### Work item
Transcribe the listing that follows in full, omitting pictures.

### Dataset excerpt
--- START ---
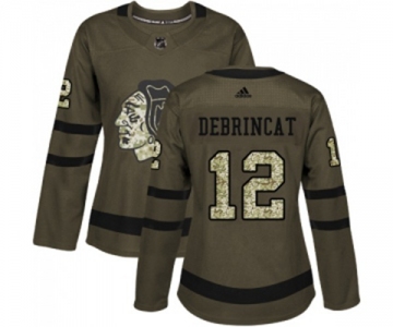 Women Adidas Chicago Blackhawks #12 Alex DeBrincat Authentic Green Salute to Service NHL Jersey
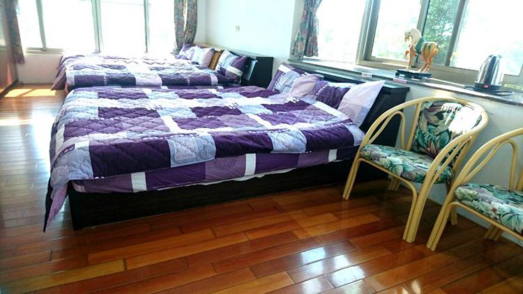 42吋液晶電視、免費wi-fi上網、冷氣、新沙發、舒適高級木板、2面大八角窗、欣賞田園風光、高挑、寬敞、大間。2張雙人床及1張單人床。
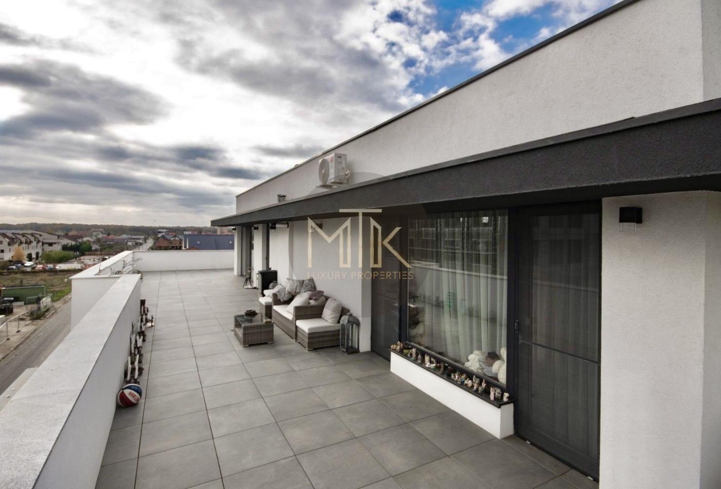 MTK Real Estate are placerea de a va prezenta spre achiziție o proprietate exclusivista, un apartament tip Penthouse de 3 camere + 1 camera dedicata dressing-ului , situat intr-un cartier linistit, aerisit si sigur, zona MATEI MILLO, Voluntari, un loc ideal pentru o familie care cauta rafinament si confort absolut.
--- END ---
### Answer for the task
 Women Adidas Chicago Blackhawks #12 Alex DeBrincat Authentic Green Salute to Service NHL Jersey
 42吋液晶電視、免費wi-fi上網、冷氣、新沙發、舒適高級木板、2面大八角窗、欣賞田園風光、高挑、寬敞、大間。2張雙人床及1張單人床。
 MTK Real Estate are placerea de a va prezenta spre achiziție o proprietate exclusivista, un apartament tip Penthouse de 3 camere + 1 camera dedicata dressing-ului , situat intr-un cartier linistit, aerisit si sigur, zona MATEI MILLO, Voluntari, un loc ideal pentru o familie care cauta rafinament si confort absolut.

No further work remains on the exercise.